Requirement:
Print every entry again exactly, with no pictures.

Records for this task:
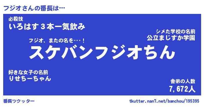 | 意味不明あだ名 | 『ペロリンフジオ』『フジオフォーエバー』 |
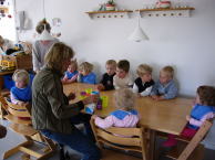 このファミリーグループは、毎週木曜日は一日中活動することにしている。一週間単位でプロジェクトにとりくむこともある。例えばオリンピック遊び、カラープロジェクト(曜日で色を決めてその色の服を着てくる)などである。 |
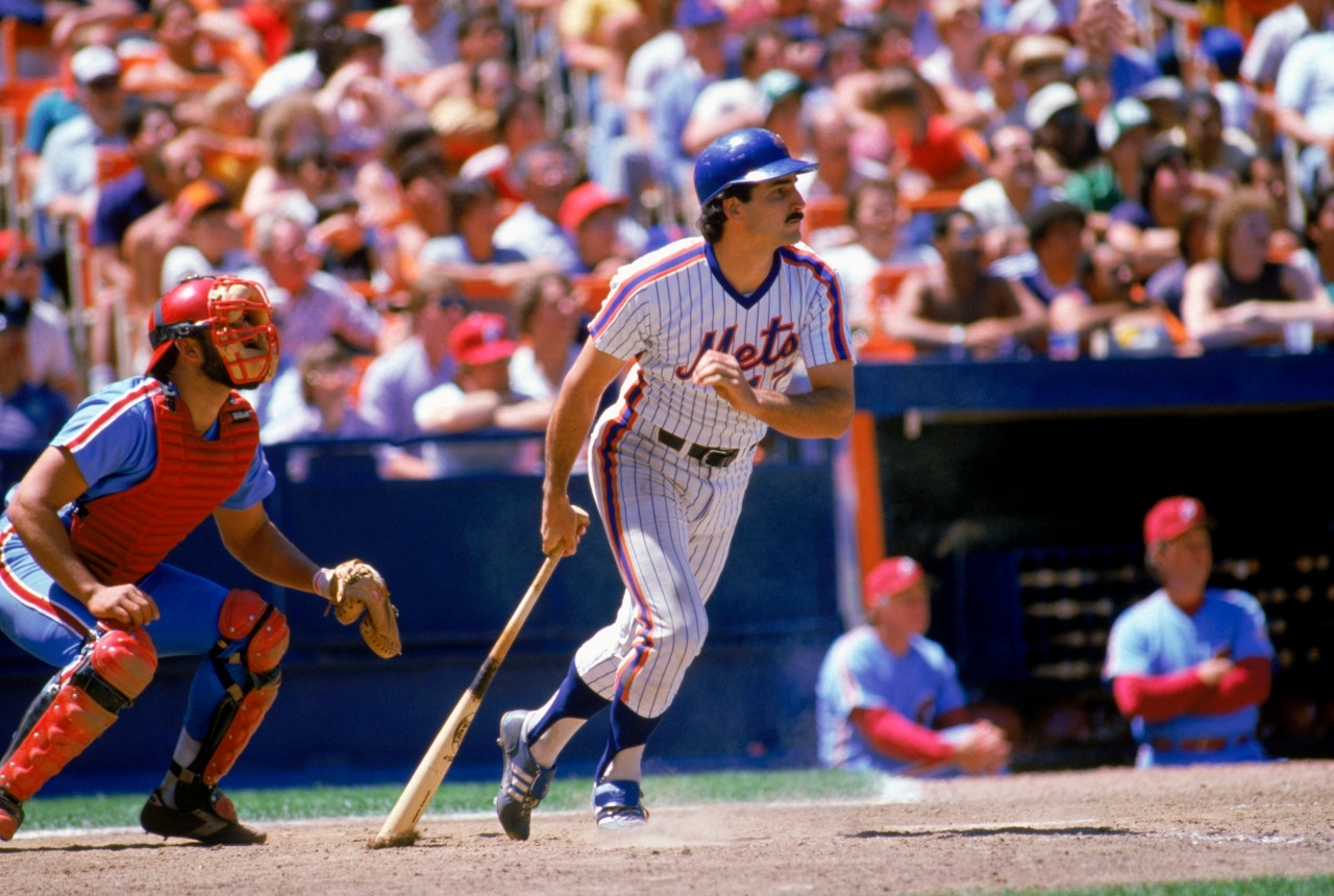 FLUSHING, NY: Keith Hernandez #17 of the New York Mets watches the flight of the ball as he heads to first base during a game at Shea Stadium in Flushing, New York. Hernandez played for the Mets from 1983-1989. (Photo by MLB Photos via Getty Images) / MLB Photos/Getty Images
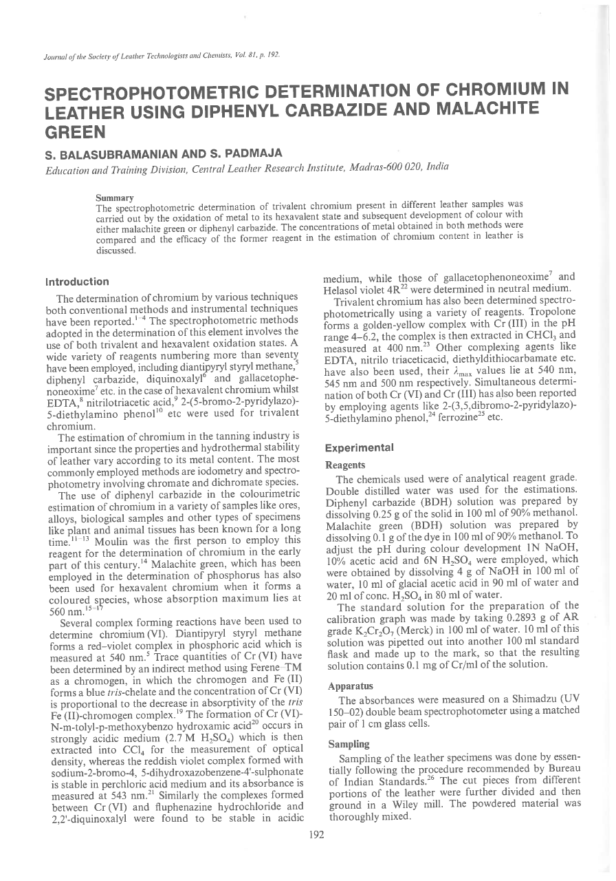 The spectrophotometric determination of trivalent chromium present in different leather samples was carried out by the oxidation of metal to its hexavalent state and subsequent development of colour with either malachite green or diphenyl carbazide. The concentrations of metal obtained in both methods were compared and the efficacy of the former reagent in the estimation of chromium content in leather is discussed.
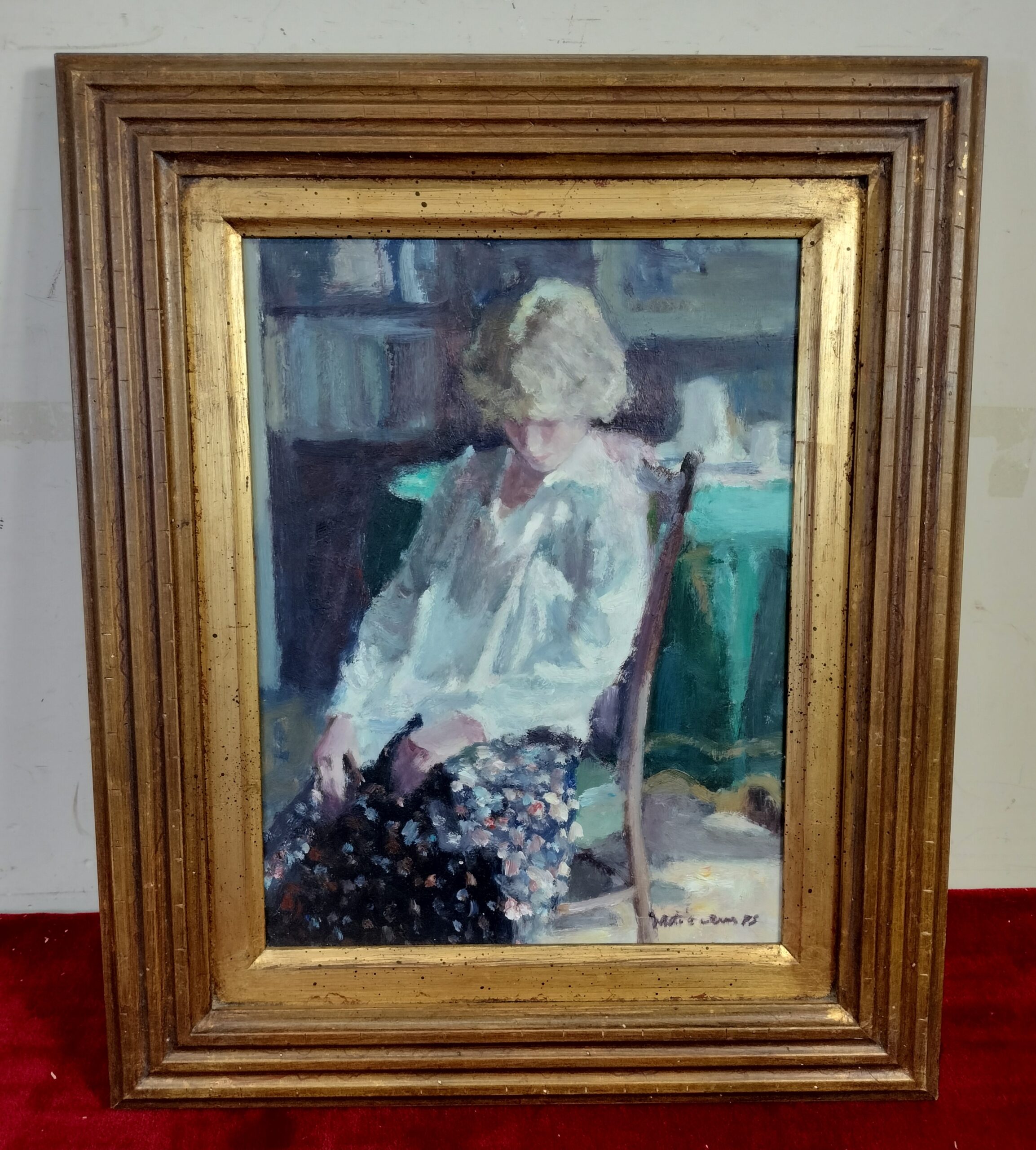 VER IMÁGENES PARA COMPROBAR EL ESTADO REAL. LAS IMÁGENES FORMAN PARTE DE LA DESCRIPCIÓN. LA SOBREMESA O JOVEN REPOSANDO. ÓLEO SOBRE TABLA. ESPAÑA. SIGLOS XIX-XX. MARCO EN MADERA DORADA, CON DESGASTES DEBIDOS AL USO. SIN VIDRIO PROTECTOR. FIRMA EN LA ESQUINA INFERIOR DERECHA, ILEGIBLE. ESTILO IMPRESIONISTA – MODERNISTA. BUEN ESTADO GENERAL, VER IMÁGENES. MEDIDAS APROXIMADAS: MARCO: 41 X 49,5 X 2 CM. PINTURA: 25,3 X 34 CM.
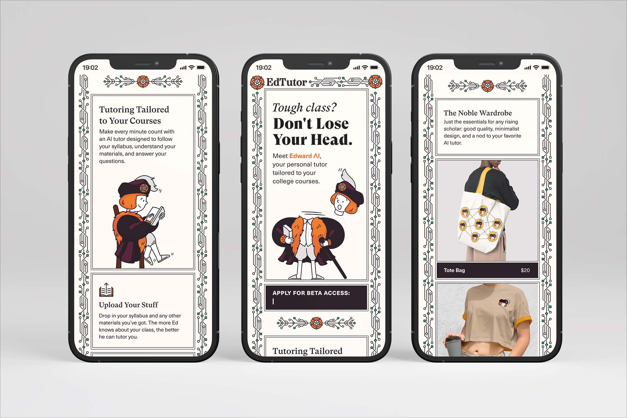 Developing ‘Edward Tudor’ as our mascot became a pivotal strategy. Inspired by the wordplay “EdTutor” to “Ed the Tudor,” we aimed to set EdTutor apart from its competitors and add a relatable aspect to the AI-driven solutions. Edward Tudor, envisioned as a blend of historical charm and modern appeal, was designed to embody curiosity, knowledge, and friendliness, making the AI app more personable.
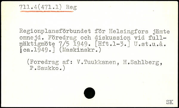 Regionplansforbundet för Helsingfors jämte omnejd. Föredrag och diskussion vid fullmakt igmö te 7/5 1949. [Hft.1-3.] U.st.u.å. I ca.1949.] (Maskinskr.)
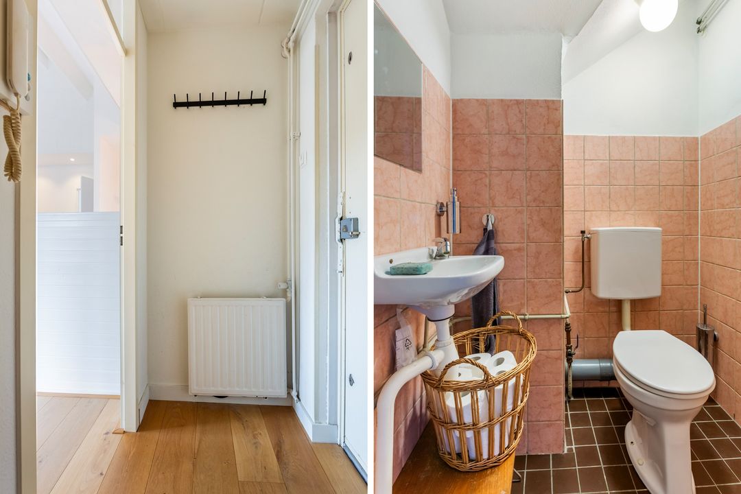 2e Verdieping: Entree, hal met meterkast en toiletruimte. Vervolgens komen we in de lichte woonkamer, wat direct opvalt is de hoogte tot aan de nok. Dit geeft een extra ruimtelijk gevoel.
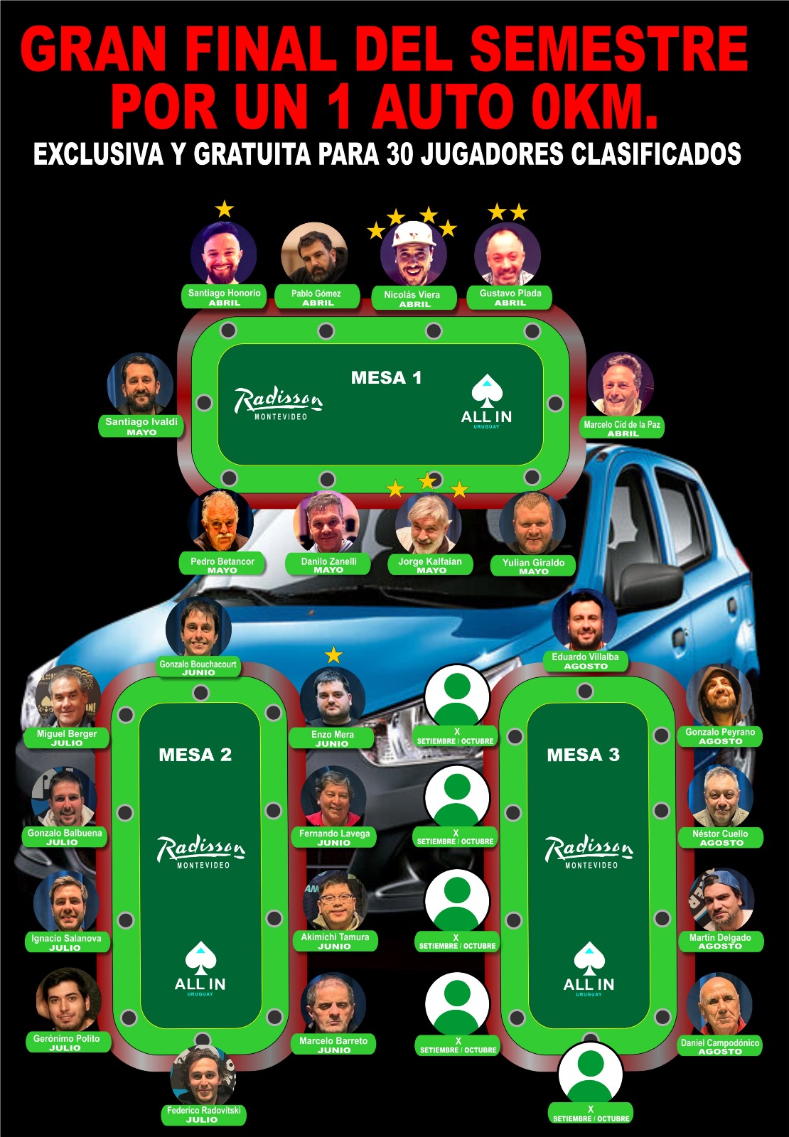 PERO ATENCIÓN: Ya que como ENZO MERA y NICOLAS VIERA ya clasificaron por meses anteriores, ellos obtendrían un stack inicial extra en la GRAN FINAL, y posibilitaría el ingreso a la GRAN FINAL a la posición 6 y 7, en este momento ocupados por JORGE KALFAIAN y GABRIEL RODRIGUEZ.
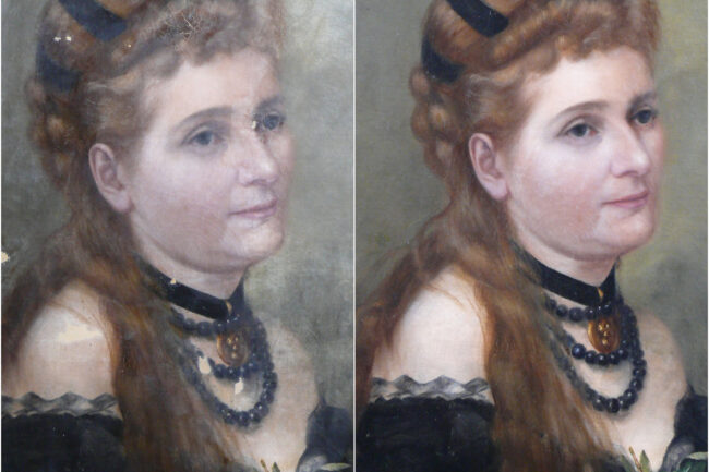 Pattogzó képek konzerválása, szakadások javítása, hiányzó részek pótlása, szennyeződések eltávolítása, lakkréteg tisztítása, újralakkozás, dublírozás, újrafeszítés.
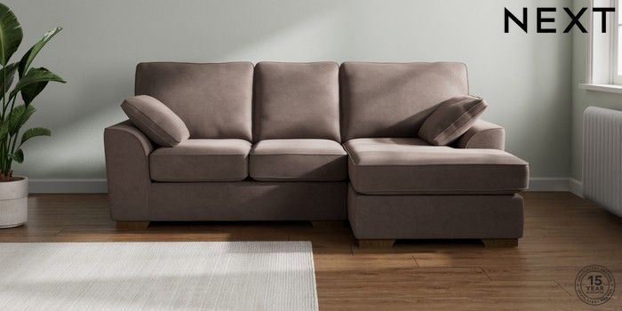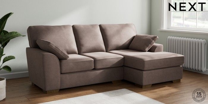 7.2.10 Stamford Small Sofa Chaise - Right Hand Luxe Chenille Mink Brown Large Square Angle - Mid | Made Click here to use our website with more accessibility support, for example screen readers
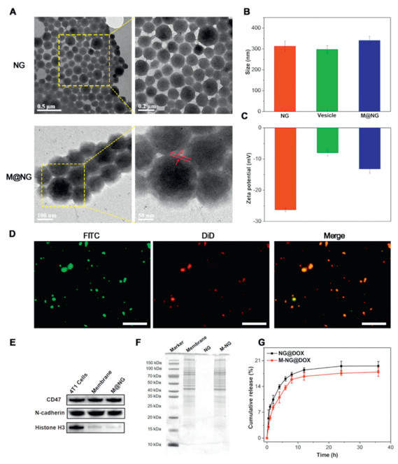 | Fig. 1. Characterizations of M-NG. (A) TEM images of NG and M-NG morphologies. (B) DLS data for NG and M-NG (n = 3). (C) Zeta potential values associated with NG and M-NG (n = 3). (D) Inverted fluorescence microscope images of M-NG, highlighting the co-localization between gelatin NG (FITC, green) and 4T1 cell membranes (DiD, red). Scale bar: 10 µm. (E) Assessment of CD47, N-cadherin, and histone H3 proteins in 4T1 cells, 4T1 cell membrane vesicles, and M-NG using WB. (F) SDS-PAGE protein profiles for 4T1 cell membrane, NG, and M-NG. (G) Observation of cumulative DOX release patterns from NG@DOX and M-NG@DOX at pH 7.4 and 37 ℃ in vitro (n = 3). Values were noted as the mean ± standard deviation (SD). | |

Answer to this task:
 | 意味不明あだ名 | 『ペロリンフジオ』『フジオフォーエバー』 |
 このファミリーグループは、毎週木曜日は一日中活動することにしている。一週間単位でプロジェクトにとりくむこともある。例えばオリンピック遊び、カラープロジェクト(曜日で色を決めてその色の服を着てくる)などである。 |
 FLUSHING, NY: Keith Hernandez #17 of the New York Mets watches the flight of the ball as he heads to first base during a game at Shea Stadium in Flushing, New York. Hernandez played for the Mets from 1983-1989. (Photo by MLB Photos via Getty Images) / MLB Photos/Getty Images
 The spectrophotometric determination of trivalent chromium present in different leather samples was carried out by the oxidation of metal to its hexavalent state and subsequent development of colour with either malachite green or diphenyl carbazide. The concentrations of metal obtained in both methods were compared and the efficacy of the former reagent in the estimation of chromium content in leather is discussed.
 VER IMÁGENES PARA COMPROBAR EL ESTADO REAL. LAS IMÁGENES FORMAN PARTE DE LA DESCRIPCIÓN. LA SOBREMESA O JOVEN REPOSANDO. ÓLEO SOBRE TABLA. ESPAÑA. SIGLOS XIX-XX. MARCO EN MADERA DORADA, CON DESGASTES DEBIDOS AL USO. SIN VIDRIO PROTECTOR. FIRMA EN LA ESQUINA INFERIOR DERECHA, ILEGIBLE. ESTILO IMPRESIONISTA – MODERNISTA. BUEN ESTADO GENERAL, VER IMÁGENES. MEDIDAS APROXIMADAS: MARCO: 41 X 49,5 X 2 CM. PINTURA: 25,3 X 34 CM.
 Developing ‘Edward Tudor’ as our mascot became a pivotal strategy. Inspired by the wordplay “EdTutor” to “Ed the Tudor,” we aimed to set EdTutor apart from its competitors and add a relatable aspect to the AI-driven solutions. Edward Tudor, envisioned as a blend of historical charm and modern appeal, was designed to embody curiosity, knowledge, and friendliness, making the AI app more personable.
 Regionplansforbundet för Helsingfors jämte omnejd. Föredrag och diskussion vid fullmakt igmö te 7/5 1949. [Hft.1-3.] U.st.u.å. I ca.1949.] (Maskinskr.)
 2e Verdieping: Entree, hal met meterkast en toiletruimte. Vervolgens komen we in de lichte woonkamer, wat direct opvalt is de hoogte tot aan de nok. Dit geeft een extra ruimtelijk gevoel.
 PERO ATENCIÓN: Ya que como ENZO MERA y NICOLAS VIERA ya clasificaron por meses anteriores, ellos obtendrían un stack inicial extra en la GRAN FINAL, y posibilitaría el ingreso a la GRAN FINAL a la posición 6 y 7, en este momento ocupados por JORGE KALFAIAN y GABRIEL RODRIGUEZ.
 Pattogzó képek konzerválása, szakadások javítása, hiányzó részek pótlása, szennyeződések eltávolítása, lakkréteg tisztítása, újralakkozás, dublírozás, újrafeszítés.
 7.2.10 Stamford Small Sofa Chaise - Right Hand Luxe Chenille Mink Brown Large Square Angle - Mid | Made Click here to use our website with more accessibility support, for example screen readers
 | Fig. 1. Characterizations of M-NG. (A) TEM images of NG and M-NG morphologies. (B) DLS data for NG and M-NG (n = 3). (C) Zeta potential values associated with NG and M-NG (n = 3). (D) Inverted fluorescence microscope images of M-NG, highlighting the co-localization between gelatin NG (FITC, green) and 4T1 cell membranes (DiD, red). Scale bar: 10 µm. (E) Assessment of CD47, N-cadherin, and histone H3 proteins in 4T1 cells, 4T1 cell membrane vesicles, and M-NG using WB. (F) SDS-PAGE protein profiles for 4T1 cell membrane, NG, and M-NG. (G) Observation of cumulative DOX release patterns from NG@DOX and M-NG@DOX at pH 7.4 and 37 ℃ in vitro (n = 3). Values were noted as the mean ± standard deviation (SD). | |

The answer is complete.